**WHAT YOU NEED TO DO**
No pictures should appear. The lines from the beginning of the listing through the one holding "Place inside or" must be reproduced exactly, and nothing more.

**MATERIAL PROVIDED**
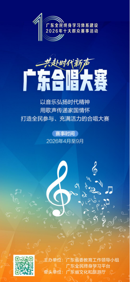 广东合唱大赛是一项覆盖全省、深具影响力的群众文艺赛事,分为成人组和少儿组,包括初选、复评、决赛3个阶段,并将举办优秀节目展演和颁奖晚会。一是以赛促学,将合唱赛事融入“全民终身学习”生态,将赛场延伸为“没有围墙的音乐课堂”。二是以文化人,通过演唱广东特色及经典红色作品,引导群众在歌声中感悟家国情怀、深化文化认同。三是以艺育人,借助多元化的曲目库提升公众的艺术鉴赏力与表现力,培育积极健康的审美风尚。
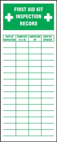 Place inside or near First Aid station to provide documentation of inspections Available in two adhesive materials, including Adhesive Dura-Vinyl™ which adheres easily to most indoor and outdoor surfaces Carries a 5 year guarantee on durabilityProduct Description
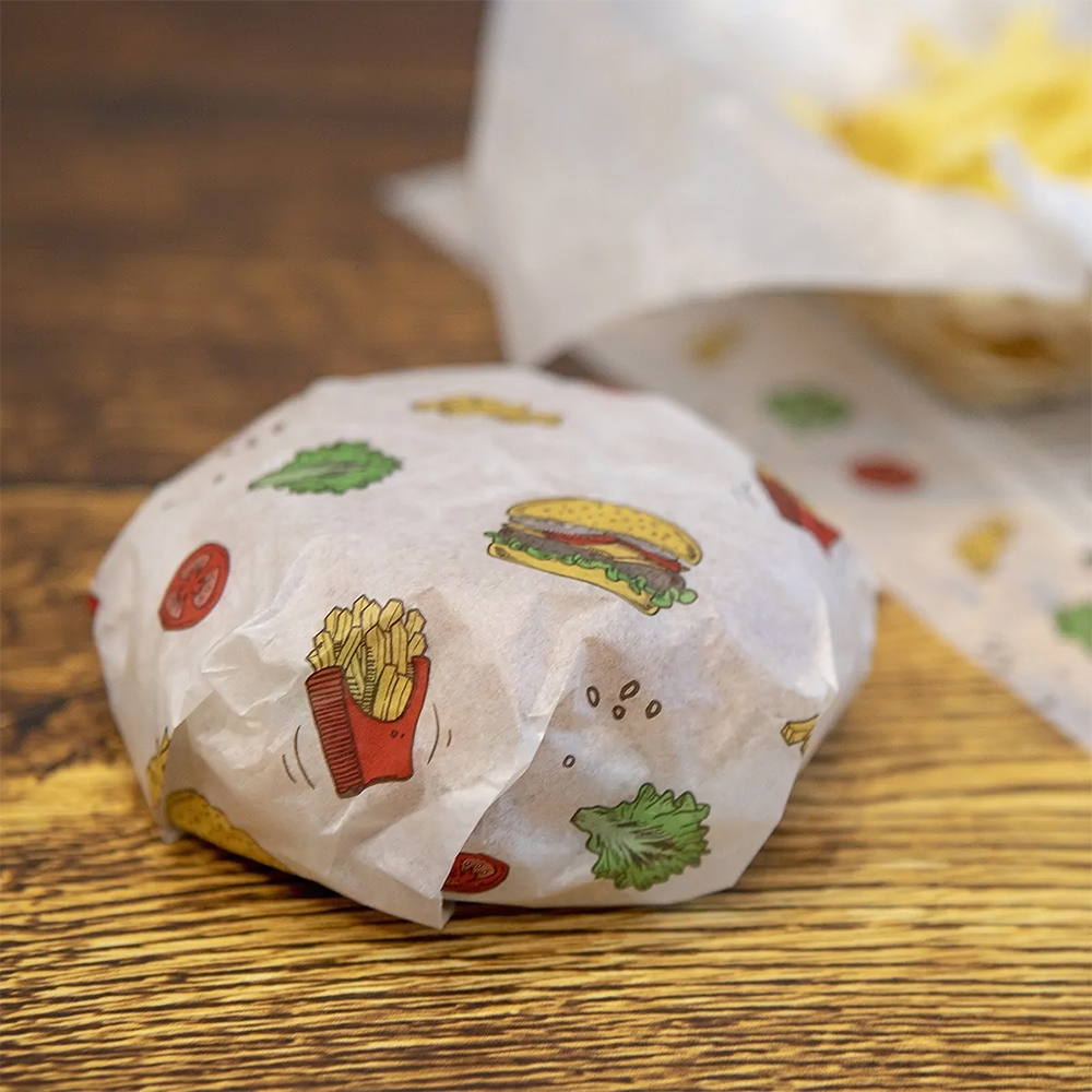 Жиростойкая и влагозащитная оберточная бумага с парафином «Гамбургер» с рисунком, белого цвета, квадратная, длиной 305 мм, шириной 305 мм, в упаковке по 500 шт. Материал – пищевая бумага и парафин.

**RESULT OF THE EXERCISE**
 广东合唱大赛是一项覆盖全省、深具影响力的群众文艺赛事,分为成人组和少儿组,包括初选、复评、决赛3个阶段,并将举办优秀节目展演和颁奖晚会。一是以赛促学,将合唱赛事融入“全民终身学习”生态,将赛场延伸为“没有围墙的音乐课堂”。二是以文化人,通过演唱广东特色及经典红色作品,引导群众在歌声中感悟家国情怀、深化文化认同。三是以艺育人,借助多元化的曲目库提升公众的艺术鉴赏力与表现力,培育积极健康的审美风尚。
 Place inside or near First Aid station to provide documentation of inspections Available in two adhesive materials, including Adhesive Dura-Vinyl™ which adheres easily to most indoor and outdoor surfaces Carries a 5 year guarantee on durabilityProduct Description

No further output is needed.